Cependant, la Cour de cassation juge que les notes d'honoraires et factures émanant d'avocats ne relèvent pas du secret professionnel de l'avocat et peuvent être saisies dans le cadre de visites domiciliaires fondées sur les dispositions de l'article L. 16B LPF (Com., 23 juin 2015, n° 14-15524).

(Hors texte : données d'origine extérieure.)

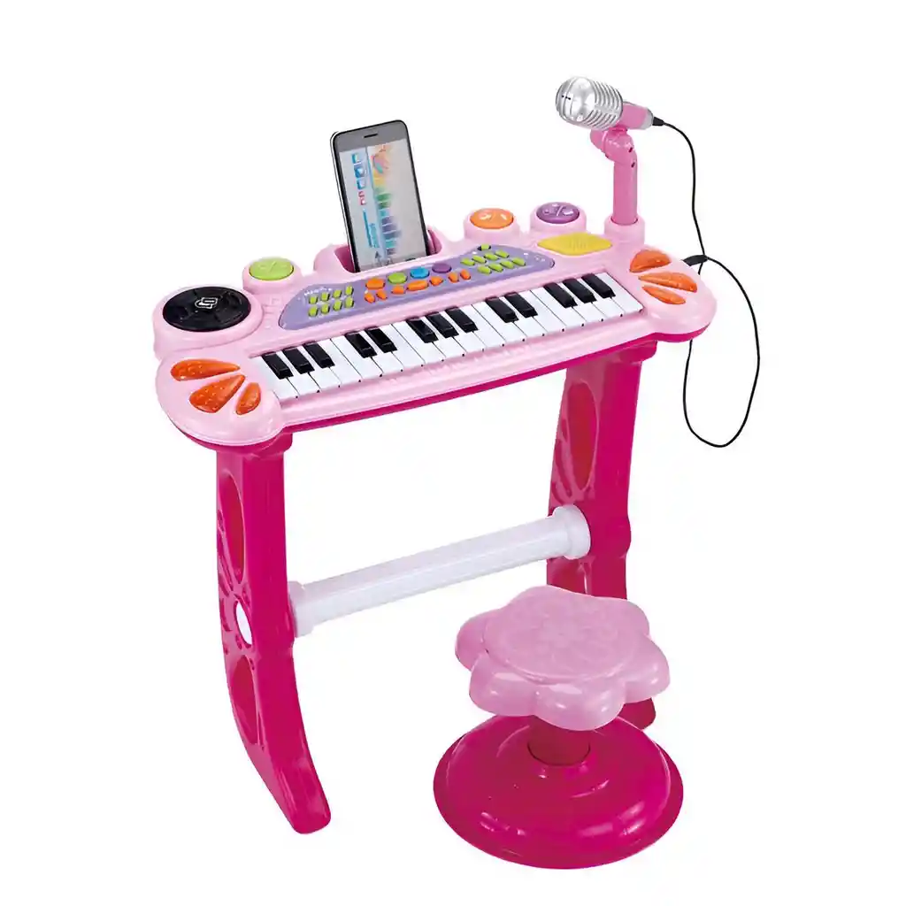 Divertido y colorido órgano electrónico infantil con 31 teclas, diseñado para estimular la creatividad musical y el aprendizaje de las niñas a partir de 3 años. Incluye micrófono con soporte, funciones musicales variadas y asiento en forma de flor para mayor comodidad durante el juego. Su diseño interactivo permite combinar el canto y la interpretación, fomentando la coordinación, la imaginación y el amor por la música en un entorno seguro y educativo. Ficha Técnica: Material : Plástico ABS , No toxico Edad Apto + 3 años Funcionamiento: Batería AA Incluidas Dimensiones: 64 cm x 52 cm x 35 cm Certificado de conformidad: E5-0359-2021 Referencia: HK-8158C ** _Para defectos de fábrica o retractos: \_Por favor revise el producto apenas lo reciba y antes de usarlo. No aplican ley de retracto o defectos de fábrica luego de usar el producto. Se manejan máximo 5 días para reportar defectos de fábrica (por ejemplo, producto funciona mal, piezas faltantes, rotas, etc). Para hacer efectiva la devolución el producto debe devolverse con el empaque original, el cual debe estar en buen estado, incluir todos los documentos y las partes completas y sin daños.

Le secret professionnel de l'avocat est également touché par les réquisitions effectuées sur le fondement de l'article 99-3 du code de procédure pénale destinées à obtenir la remise de documents intéressant l'instruction de toute personne ou de tout organisme privé ou public, sans que puisse être opposée, sans motif légitime, l'obligation au secret professionnel. Dans le cas d'une réquisition demandant à des banques dans lesquelles un avocat avait ouvert ses comptes professionnels la transmission des relevés de ses comptes et des photocopies des chèques les créditant, la Cour de cassation a précisé que les enquêteurs agissant en exécution d'une commission rogatoire n'avaient pas à recueillir l'accord dudit avocat (Crim.17 déc. 2013: n° 13-85.717).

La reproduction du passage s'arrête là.